Пару дней назад я снова села за руль. Это было по-прежнему страшно, и я чуть не въехала в ближайший столб. Сейчас за рулём я чувствую себя куда лучше, но всё ещё не уверена в местах скопления машин.
Еду домой, почти не видя дороги. Слёзы всё-таки застилают глаза. Захожу в квартиру и вздыхаю.
Пётр оставил этот дом мне, а порой хочется продать его. Продать, потому что всё пахнет им.
Каждый предмет напоминает о его существовании.
Ненавижу.
Столько лет в отношениях, и вот на тебе. Я всё ещё помню его слова, которые бритвой порезали мою душу, больно ранили в сердце, воткнули нож в спину: «Я прощался, у меня есть другая».
Всё, можно забыть о нём и сконцентрироваться на главном: у меня будет ребёнок. К тому же спустя месяц активных поисков я всё-таки нашла работу, куда меня взяли. Конечно, у меня будет не та зарплата, что была до моего ухода, но хоть что-то. Это куда выше, чем в цветочном, как бы я ни любила собирать букеты.
Чтобы хоть как-то отвлечься, залезаю на страницу к Милене. Не знаю зачем, но хочется рассмотреть ту, на кого он меня променял. Нет, у меня нет ни злости, ни ненависти, просто любопытство.

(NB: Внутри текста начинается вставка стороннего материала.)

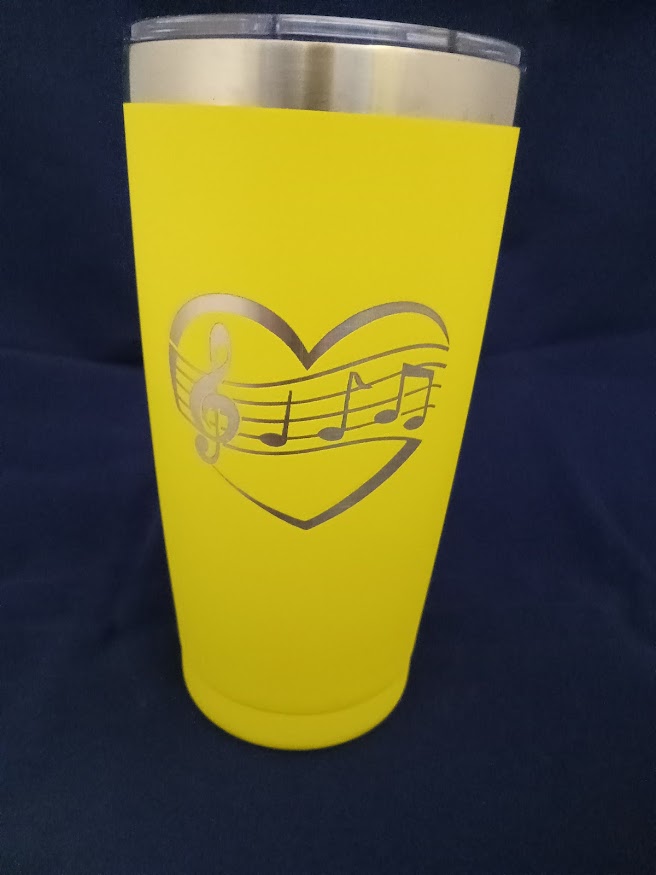 20 ounce insulated stainless steel tumbler "Heart shaped music notes"

Рассматриваю её страничку особенно внимательно и удивляюсь, насколько красивы и профессиональны её фотографии. Некоторые и вовсе выглядят как обложка какого-то модного журнала. Кто она? Актриса? Модель? Почему она, а не я?
Она не настолько моложе меня, но в красоте и ухоженности, надо признать, я уступаю.
Ненавижу. Ненавижу Петра.
Внезапно на более ранних фотографиях натыкаюсь на парня, который Милену приобнимает.
Рассматриваю его пристальнее. Симпатичный, внешность славянская, но есть что-то не наше.
Глаза зелёные, взгляд серьёзный. Такой мужчина точно знает, что хочет. И мне было бы страшно пересечься с ним.
Или, напротив, я бы с удовольствием.
Телефон пиликает. Приходит сообщение от «сына маминой подруги». Закатываю глаза.
С Андреем мы продолжаем общаться, он намекает на что-то большее, но я пока торможу, понимая, что не готова влезать во всё это снова. Его внимание мне приятно, сам он тоже в целом приятен, однако мне тяжело.
Отбрасываю мобильный, автоматически дотрагиваясь до живота. Он уже чуть округлился.
Из мешковатой одежды переодеваюсь в свою. Прятала как могла, чтобы Пётр сегодня ничего не заподозрил.
Вновь сажусь за руль и еду в уже знакомую клинику. Там мне делают анализы, создают специальную карточку, куда вклеивают все результаты. Радуюсь вместе с ними, что с ребёнком и со мной всё хорошо.
— Вы поправились, это отлично, — резюмирует врач.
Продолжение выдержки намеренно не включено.